Rakesh Khurana

Rakesh Khurana

Khurana at Harvard in 2015
Born (1967-11-22) November 22, 1967
Education Cornell University (B.S.)
Harvard University (A.M / Ph.D.)
Occupation Dean of Harvard College
Years active 1998–present

Rakesh Khurana (born November 22, 1967, in India) is an Indian-American educator. He is a professor of sociology at Harvard University, Faculty Dean of Cabot House and dean of Harvard College.[1][2]

Early life and education

Rakesh was born in India and was raised in Queens, New York.[3] He received his bachelor's degree from Cornell University,[1] his A.M (Sociology) from Harvard in 1997 and his PhD in organizational behavior from Harvard's Ph.D. program in 1998.[1]

Career

Khurana is a founding team member of Cambridge Technology Partners and from 1998 to 2000 he taught at MIT.[1] Khurana is the author of the book, Searching for a Corporate Savior: The Irrational Quest for Charismatic CEOs and related academic and managerial articles on the pitfalls of charismatic leadership. In 2007 he published his second book From Higher Aims to Hired Hands: The Social Transformation of American Business Schools and the Unfulfilled Promise of Management as a Profession (Princeton University Press).
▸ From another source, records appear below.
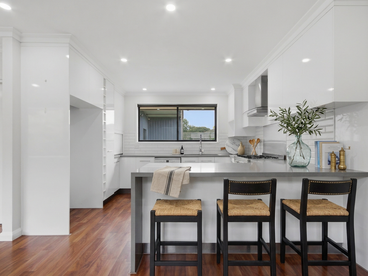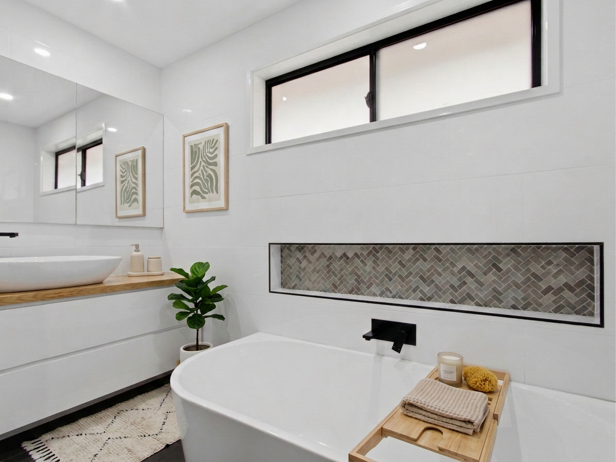 Inside, youll find three generous bedrooms with built-in robes, including a master retreat complete with a sleek, hotel-style ensuite featuring a frameless walk-in shower, large vanity, and floor-to-ceiling tiles. The home is serviced by a stunning central bathroom, showcasing a back-to-wall freestanding bath, walk-in shower, and quality finishes throughout.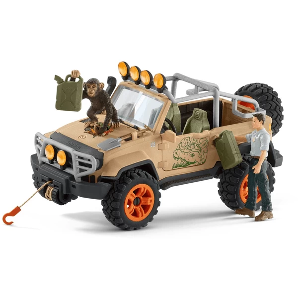 Set met terreinwagen, Ranger David, chimpansee en veel leuke accessoires. De Schleich ® figuren zijn allemaal tot in detail gemodelleerd, liefdevol geschilderd en staan voor educatief waardevol spel.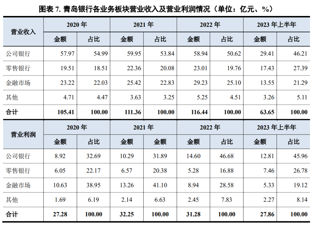 业务方面,青岛银行业务主要包括公司银行、零售银行和金融市场三大板块,其中公司银行业务对该行营收贡献度较高。2020-2023年上半年,公司银行业务在营收中的贡献率分别为54.99%、53.84%、50.64%和46.21%,均在半数左右。
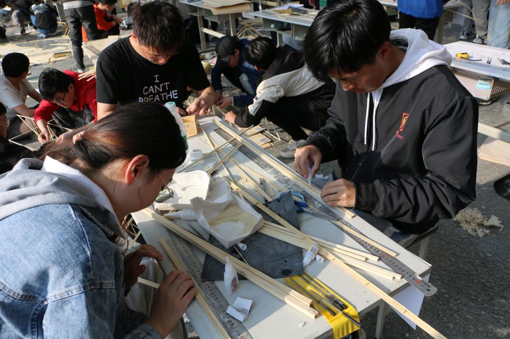 经过经验分享会、赛前赛题讲座等筹备活动,选手们对结构设计、赛品质量、加载承重等方面做好了充分准备。上午8时,比赛正式拉开帷幕,学院党委副书记高静致开幕词,她鼓励同学们多一些创新,多一些实践,希望同学们将所学知识活学活用,预祝大赛取得圆满成功。建筑工程系副教授林跃忠在辅导员鲍娜娜陪同下现场指导,对设计过程中出现的明显失误及时提醒。参赛队员配合默契,争分夺秒,精心设计。经过十个小时的制作过程,截至下午6点,共有41支队伍完成赛题制作。制作结束后,工作人员对各组模型进行现场称重。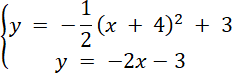 Odczytaj z rysunku współrzędne wierzchołka paraboli oraz współrzędne punktu, który należy do niej. Oblicz współczynnik kierunkowy i zapisz równanie paraboli. Następnie, aby wyznaczyć równanie prostej, skorzystaj z współrzędnych punktów, które należą do tej prostej. Wyznacz równanie używając wzoru. Wyznacz punkty wspólne tworząc układ równań z tymi dwoma równaniami i rozwiązując go.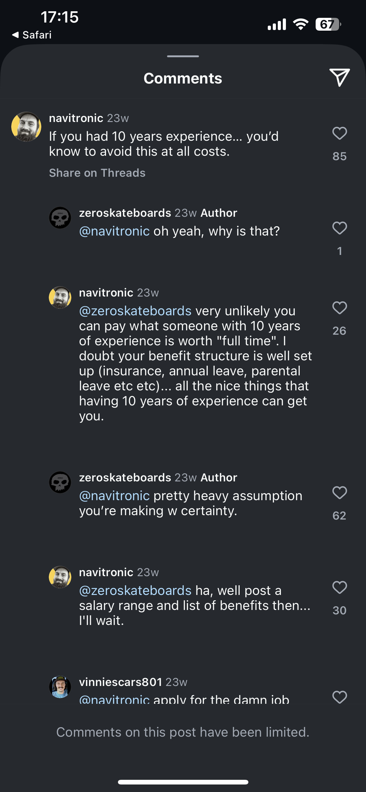 Zero posted looking for an art director with 10 years of experience on insta and I left a catty comment about them having no possibility of paying someone with that much experience what they’re worth and Jamie got all up in arms and then turned off the ability to comment so I couldn’t even reply.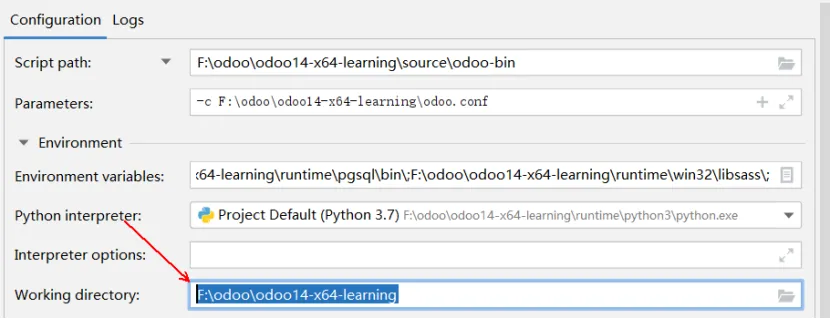 有时候,start.bat运行odoo没有问题,但是PyCharm提示找不到目录的时候,尝试修改working directory路径。3.PyCharm调试技巧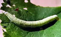 The wingspan is 36โ40 mm. Forewings are fawn colour with a browner basal patch, median band and distal shade, all finely and delicately white-edged distally, the median band also accompanied by a fine white line proximally, sharply indented on the submedian fold and more shallowly in the cell. Hindwing pale, becoming browner at the distal margin.[1] The larva is long and slender, monochrome bright yellow-green.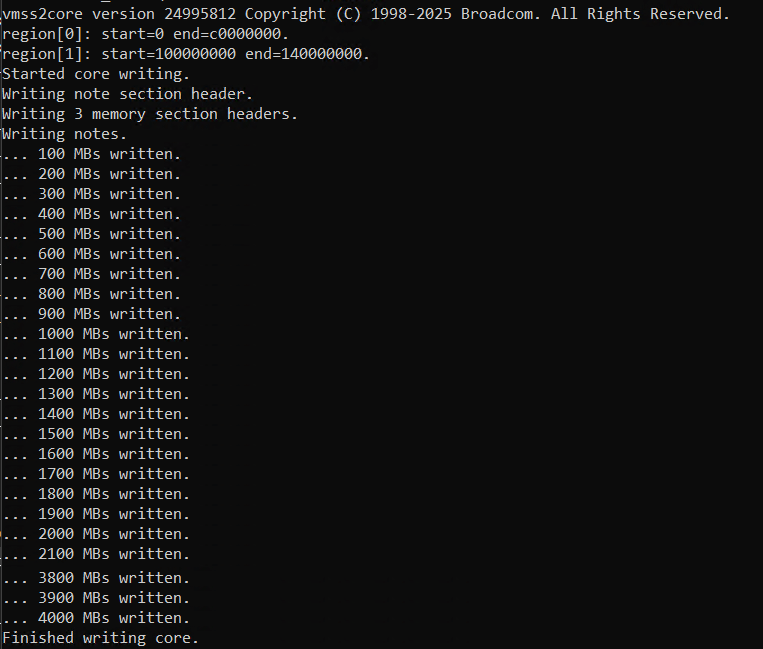 if you ever need to create a memory dump of a virtual machine running on an ESXi host, vmss2core is an easy-to-use tool that can convert snapshot files to a core dump file.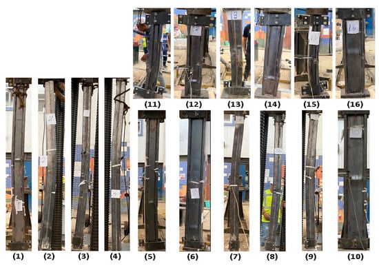 - The lateral deformation due to global buckling (in a minor direction) is estimated for each specimen using Equation (2):where (λ) is the fully bonded composite global slenderness ratio. If the measured Δ-minor was near or more than this value, that indicated global buckling failure.

The book received the Max Weber prize from the American Sociological Association's Organizations, Occupations, and Work Section and was the Winner of the 2009 Gold Medal Axiom Business Book Award in Career, Jenkins Group, Inc. and the Winner of the 2007 Best Professional/Scholarly Publishing Book in Business, Finance and Management, Association of American Publishers and the Finalist for the George R. Terry Award from the Academy of Management.
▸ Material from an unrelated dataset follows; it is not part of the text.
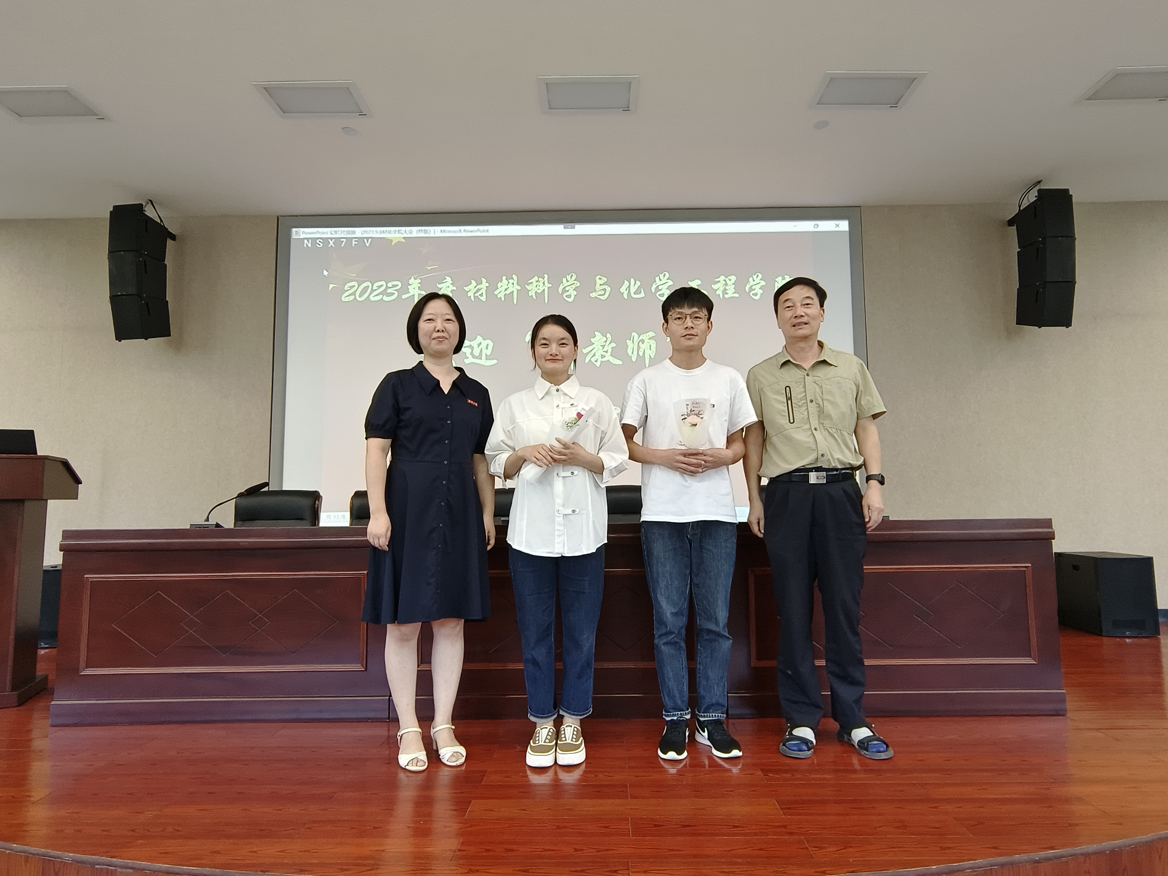会上,陶娟首先对入职的新教师表达了热烈的欢迎,希望新教师能快速融入2048核基地 ,转变角色适应新要求,在学院能够有新担当、新作为。院长和书记分别为新入职教师别上校徽,送上鲜花。随后,一同回顾了2023年上半年教职工校级以上荣誉获得情况,并对2023年度的教师锋领党员、优秀班主任、最美材化人等30余位教师进行了表彰,学院领导为他们颁发奖杯。

He is the co-editor of the Handbook of Leadership Theory and Practice (2010), published by Harvard Business School Press[4] and the The Handbook for Teaching Leadership: Knowing, Doing and Being, (2012), published by Sage Publications.[5]

Dean of Harvard College

In July 2014 he became dean of a college at Harvard.[3] In 2016, the online news service, Free Beacon, reported that according to alumni members of controversial all-male campus clubs, "Khurana threatened in closed-door meetings to make students who joined the clubs subject to expulsion."[6]